Yasmine Hamdan est Libanaise. Elle a posé ses valises à Paris à la fin de la première décennie de ce nouveau siècle. A l’époque où, starifiée dans son pays au sein de la formation indé, Soapkills, elle décide de travailler avec Mirwaîs, qui a sans doute en tête d’en faire quelque icône madonnienne orientale. Le succès international reste , mitigé. Yasmine Hamdan ne renonce pourtant pas à élargir le cercle des gens qui deviennent fan de sa musique. C’est d’ailleurs tout le bien que je lui souhaite avec ce nouvel essai.
Et c’est vrai que la demoiselle, qui incarnera son propre rôle dans Only lovers left alive de Jim Jarmusch (avec la chanson HAL disponible sur Ya Nass), a tout d’un diamant ou d’une opale brute à transformer en icône contemporaine, en bijou poli. Une voix sensuelle, profonde, des racines orientales affirmées, une plastique envoûtante et un regard de femme libérée intense qui ferait fondre même le plus refroidi des Norvégiens. Puis Yasmine Hamdan chante en arabe, assumant la part d’exotisme, de volupté, voire d’érotisme contenus dans les arabesques de la langue, tranchant radicalement avec les images d’âpreté et d’actualité difficiles qu’elle véhicule dans nombre d’imaginaires collectifs. Pas étonnant que Jarmusch l’ait intégrée à son histoire de vampires à paraître, elle qui dès les premières notes de musique se transforme en allégorie de la sensualité.
On rentre dans l’univers de Yasmine Hamdan comme on entre dans les univers de Madredeus, Cesaria Evora ou avant elles Oum Kalsoum. On pénètre dans la musique de ces dames par l’angle de l’exotisme, avec l’invitation au voyage de Baudelaire.

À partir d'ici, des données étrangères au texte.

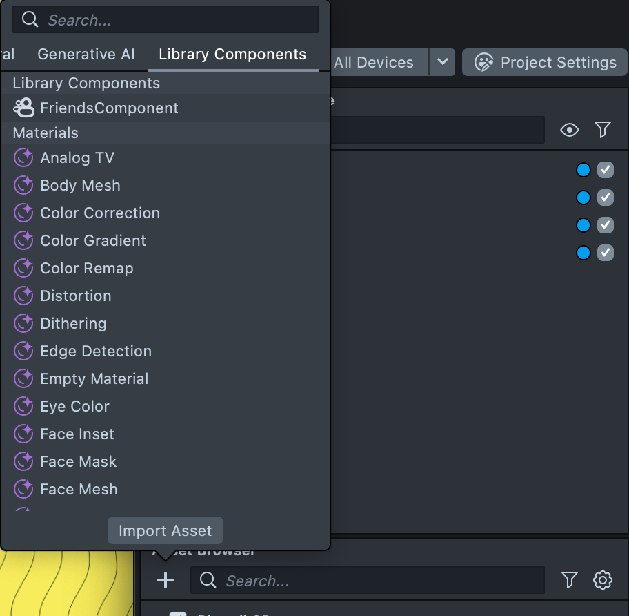 To add the FriendsComponent to your Lens, go to the Asset Library and find the FriendsComponent in the Custom Components section.
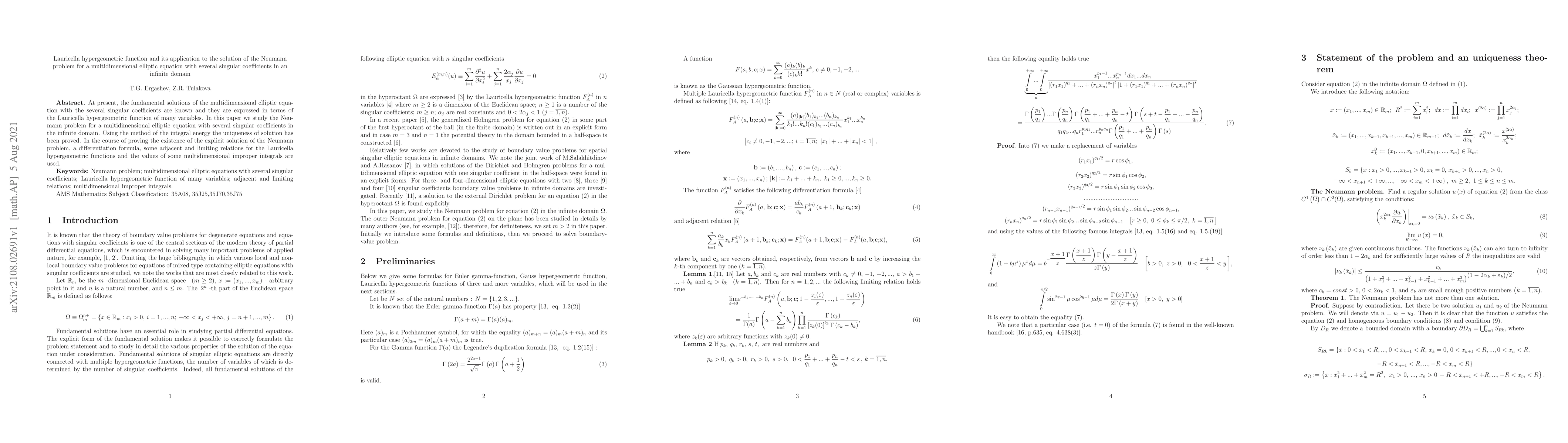 This paper investigates the Neumann problem for a multidimensional elliptic equation with singular coefficients in an infinite domain, proving the uniqueness of the solution using the integral energy method. It derives an explicit solution utilizing the Lauricella hypergeometric function and associated differentiation and limiting relations.
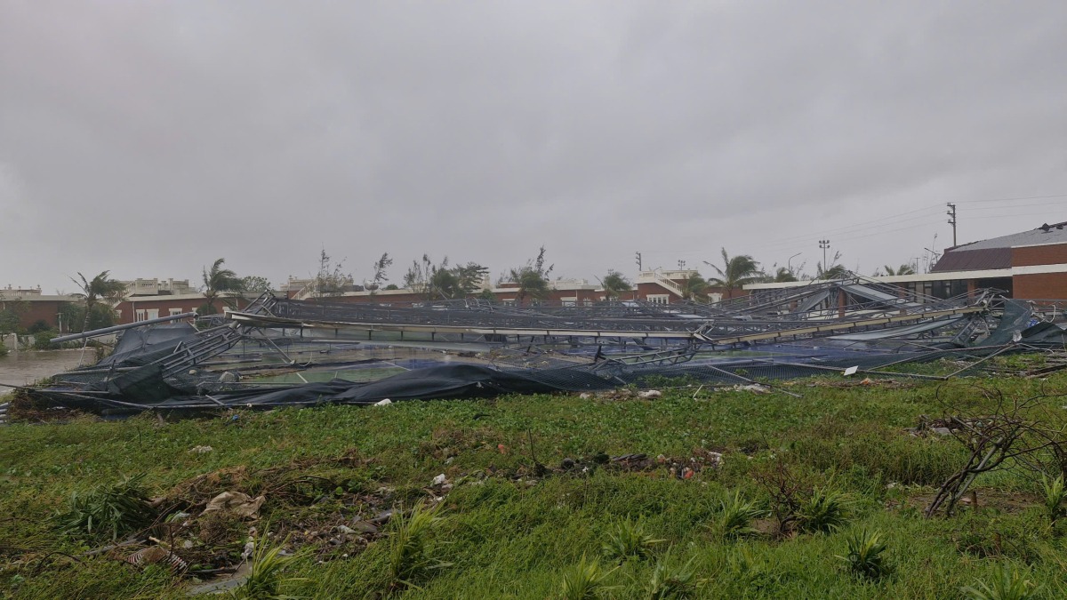 Cách khu du lịch Xuân Thành khoảng 500 m, sân pickleball rộng hơn 1.000 m2 cũng bị gió bão làm đổ sập.
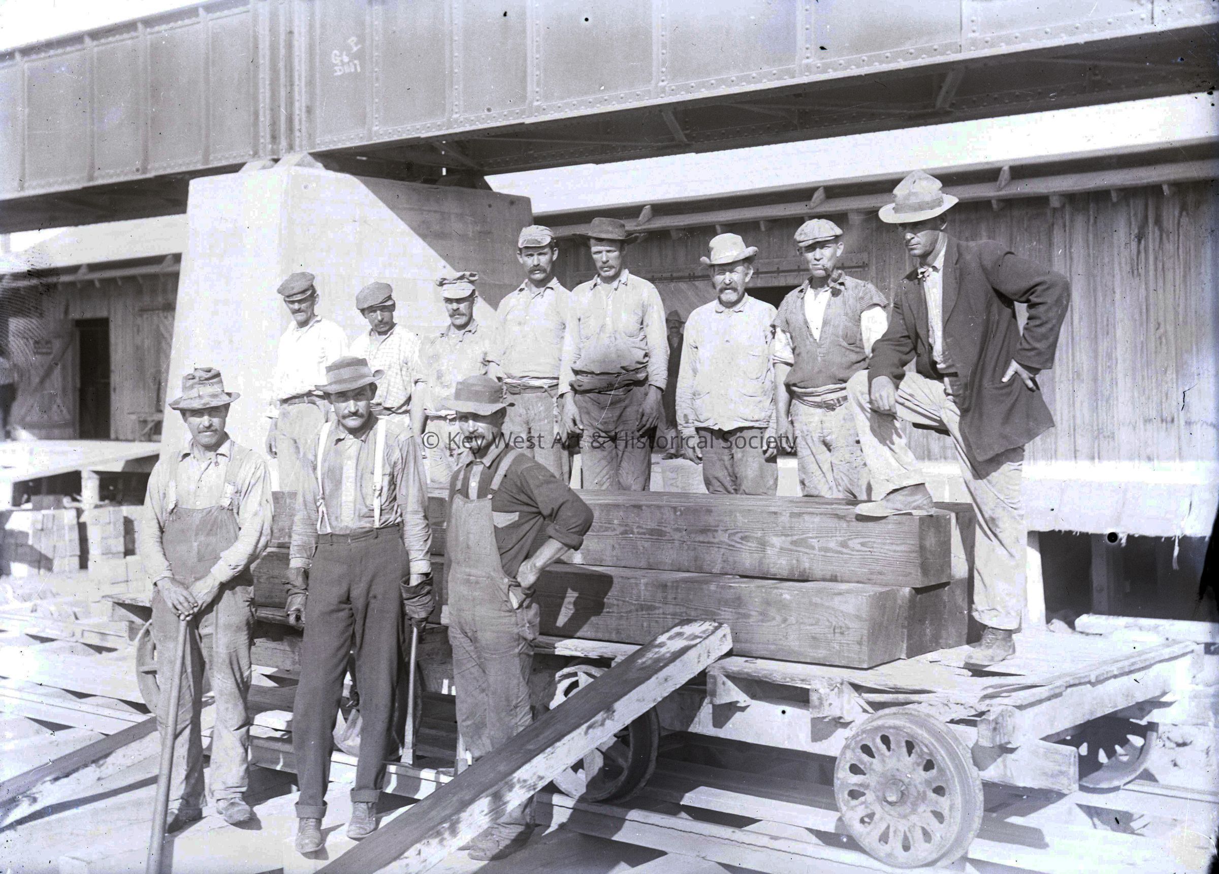 Black and white dry plate glass negative of the unknown workers unloading timbers under the Seven Mile Bridge at the railroad camp on Pigeon Key. The image was taken during the construction of Seven Mile Bridge on the Overseas Railway.
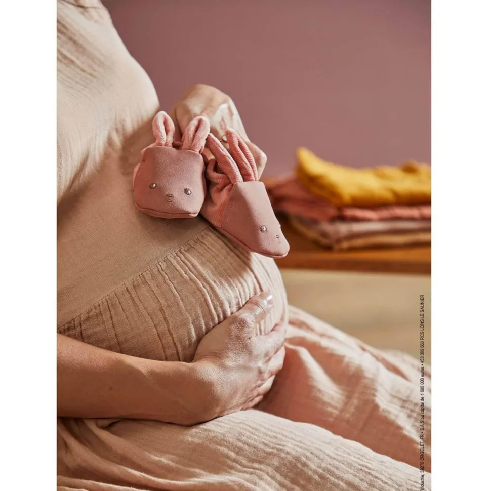 Ce superbe coffret de naissance contient un doudou lapin, un anneau de dentition en silicone, des chaussons lapin, le tout dans une teinte terracotta. Le doudou Lapinoo, fais en velours côtelé et en tissus léger, saura accompagner bébé de jour comme de nuit ! De plus, afin d’accompagner bébé même dans les moments plus douloureux, un anneau de dentition en silicone est fourni. Cet anneau est idéal pour la poussée des premières dents de bébé, avec une face lisse et une face avec picot pour favoriser la percée des premières dents et masser les gencives douloureuses. Enfin, de magnifiques chaussons lapin couvriront les petits petons de bébé de 0 à 6 mois.
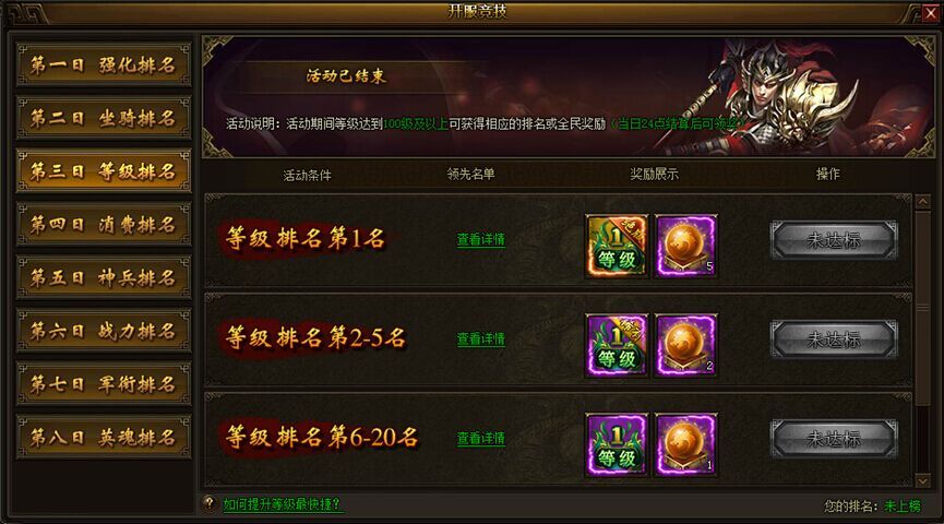 活动规则:开服第3天结束时,所有等级达到100级及以上的玩家都可以获得200礼金,且等级排行前20名的玩家还可以获得额外的排名奖励!
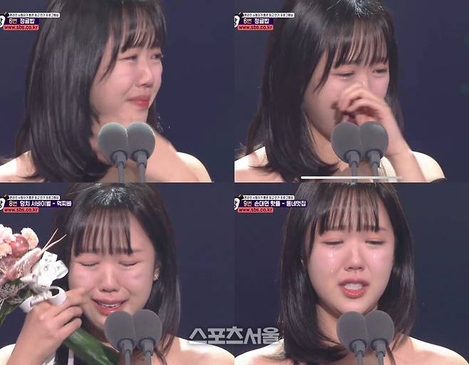 '런닝맨'에서 함께 출연 중인 강훈과 함께 수상자로 무대에 오른 지예은은 "제가 이 자리에 와 있는게 정말 감사한 일이고 감동적인 일"이라며 말을 시작하자마자 눈물을 쏟기 시작했다.
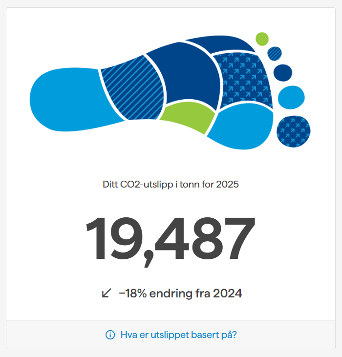 Den nyaste statistikken frå 2026 viser at utsleppet CO2 har gått ned med heile 18% samanlikna med i 2024. Flott å sjå at tiltak vi gjer får reell effekt!

On se moque de ne pas comprendre un traître mot de ce que ces dames nous racontent.
On se fout un peu, mais ça ne nous déplaît pas non plus tout à fait le savoir, qu’Hamdan en profite pour glisser de ci- de là – des ferments de critique sociale. On s’évade. Puis on sent dans l’intensité de sa voix, dans la manière de poser le chant: toujours intense, parfois caressant, parfois envoûtant, qu’on est en train de découvrir un univers complet dans lequel on se laisse porter. Forcément charmant, farouchement charmeur, fondamentalement réjouissant, parce que sentant l’autre, les parfums d’ailleurs, les senteurs du voyage en Orient ainsi est la musique de Hamdan.

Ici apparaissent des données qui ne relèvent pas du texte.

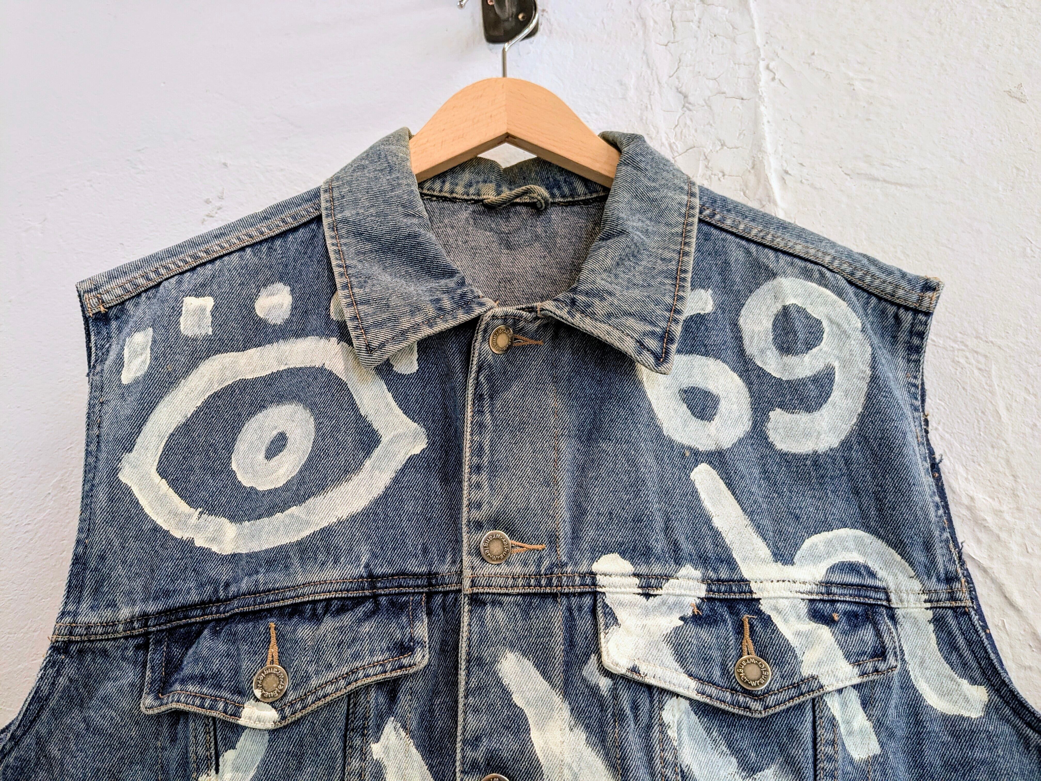 Hand Drawing Design Cutoff Denim Vest
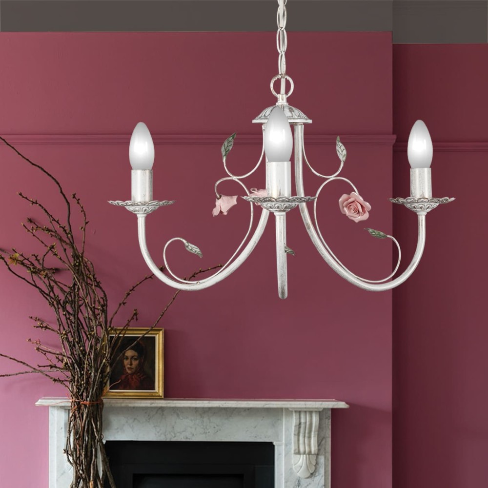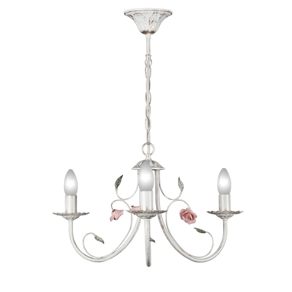 Особенности конструкции: Тип: Подвесная Количество рожков: 3 Тип цоколя: Е14 (макс. 60 Вт) Длина цепи: Цепь можно укоротить до 1 звена на 17 см, что позволяет регулировать высоту подвеса люстры в зависимости от ваших предпочтений и особенностей помещения. Материал арматуры: Металл Цвет: Белый с патиной золота
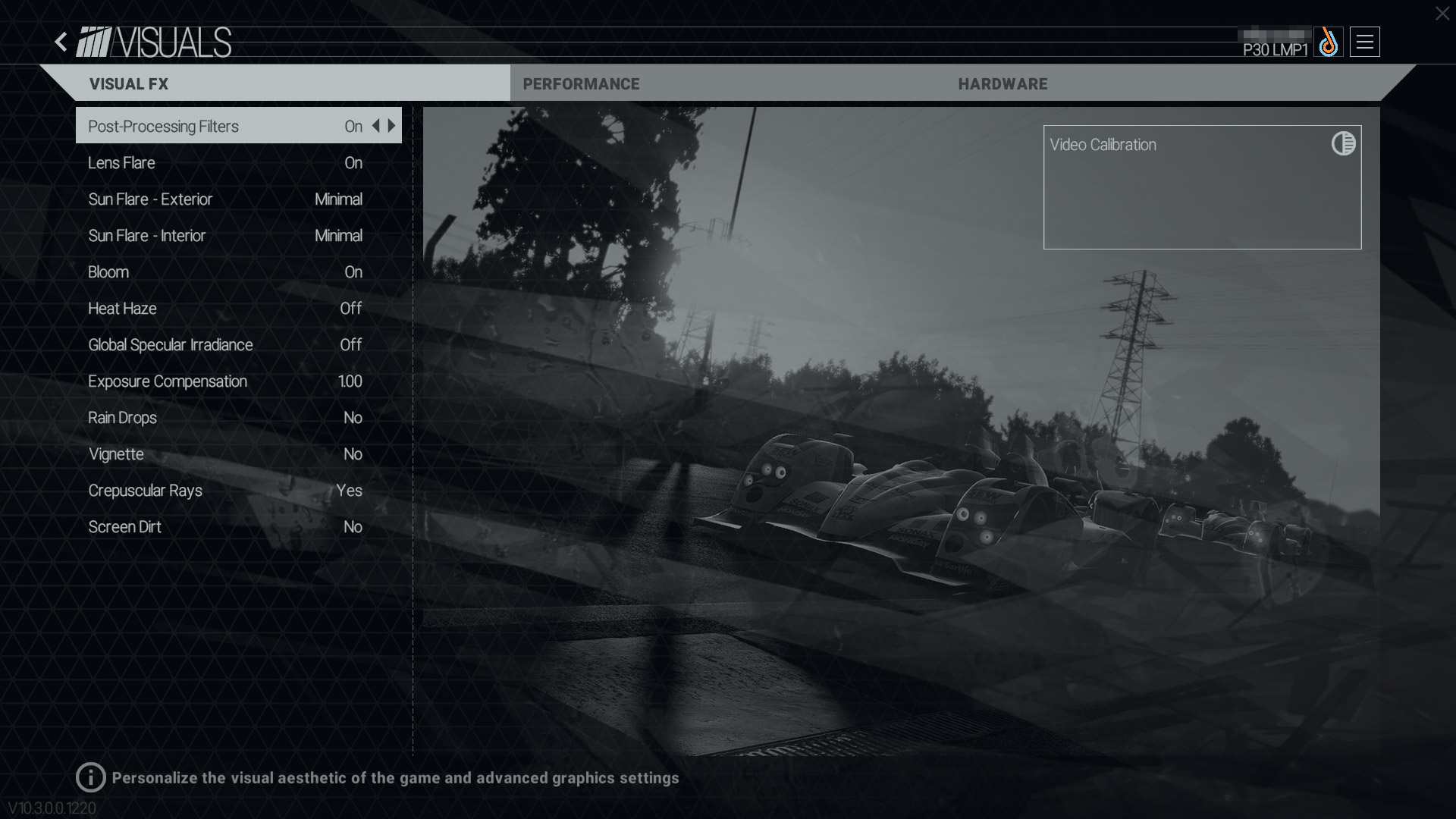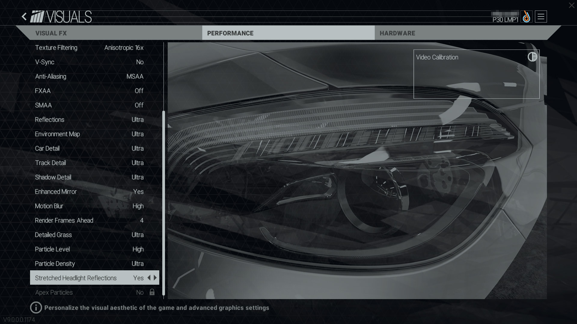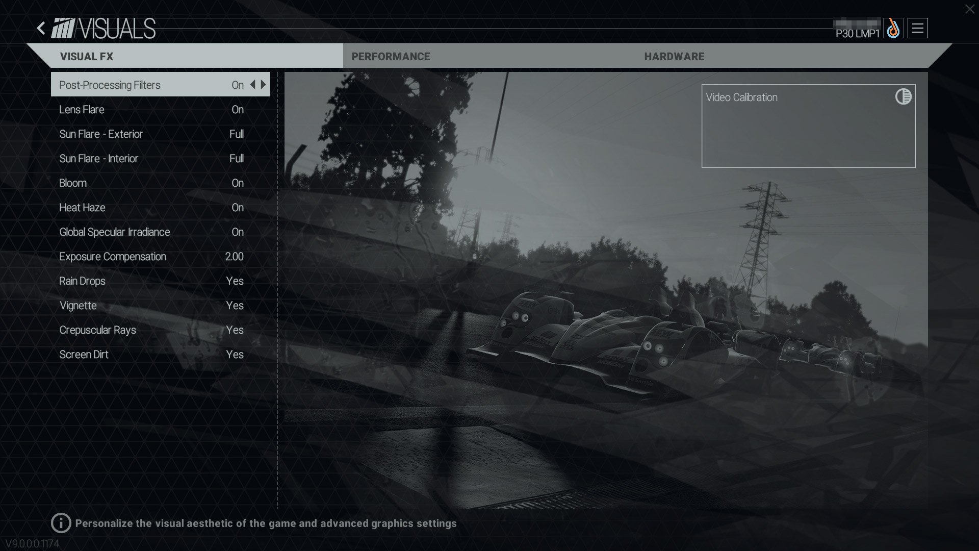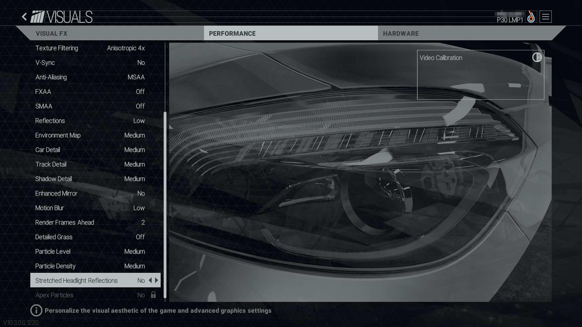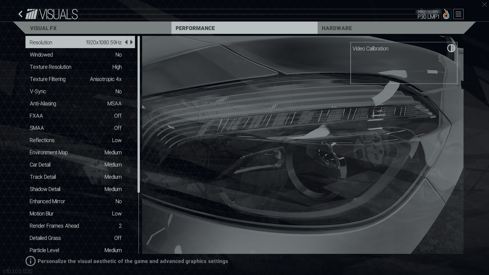 ゲーム設定:「Options & Help」−「Visuals」−「PERFORMANCE」

Marc Collin (Nouvelle Vague) oeuvre à la production de Ya Nass, ressortie de l’album paru en 2012 sous le seul titre de Yasmine Hamdan, où il opérait déjà derrière les manettes. Il y a un an j’étais conquis par les ambiances électro, planantes de Collin le producteur, quand il s’agissait de donner un écrin de satin aux mélodies de la muse. J’y trouvais comme une volonté »d’orientaliser » un genre qui irait de Björk à Hooverphonic mettons. J’étais conquis. Mais la flemme rampante cumulée à mon débordement chronique, m’ont fait oublier la rédaction de la chronique de l’époque.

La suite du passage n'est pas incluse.